**Data section:**
===
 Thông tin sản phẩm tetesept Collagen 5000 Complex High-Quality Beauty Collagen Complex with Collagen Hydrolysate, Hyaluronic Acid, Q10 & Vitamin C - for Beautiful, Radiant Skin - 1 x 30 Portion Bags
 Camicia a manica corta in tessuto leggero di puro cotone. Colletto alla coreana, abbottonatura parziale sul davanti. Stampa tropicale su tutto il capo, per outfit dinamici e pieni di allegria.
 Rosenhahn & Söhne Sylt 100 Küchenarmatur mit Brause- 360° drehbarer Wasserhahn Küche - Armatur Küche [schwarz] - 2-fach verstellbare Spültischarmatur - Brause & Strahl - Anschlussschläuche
===
**What you need to do:** Please repeat each line above exactly.

**Task solution:**
 Thông tin sản phẩm tetesept Collagen 5000 Complex High-Quality Beauty Collagen Complex with Collagen Hydrolysate, Hyaluronic Acid, Q10 & Vitamin C - for Beautiful, Radiant Skin - 1 x 30 Portion Bags
 Camicia a manica corta in tessuto leggero di puro cotone. Colletto alla coreana, abbottonatura parziale sul davanti. Stampa tropicale su tutto il capo, per outfit dinamici e pieni di allegria.
 Rosenhahn & Söhne Sylt 100 Küchenarmatur mit Brause- 360° drehbarer Wasserhahn Küche - Armatur Küche [schwarz] - 2-fach verstellbare Spültischarmatur - Brause & Strahl - Anschlussschläuche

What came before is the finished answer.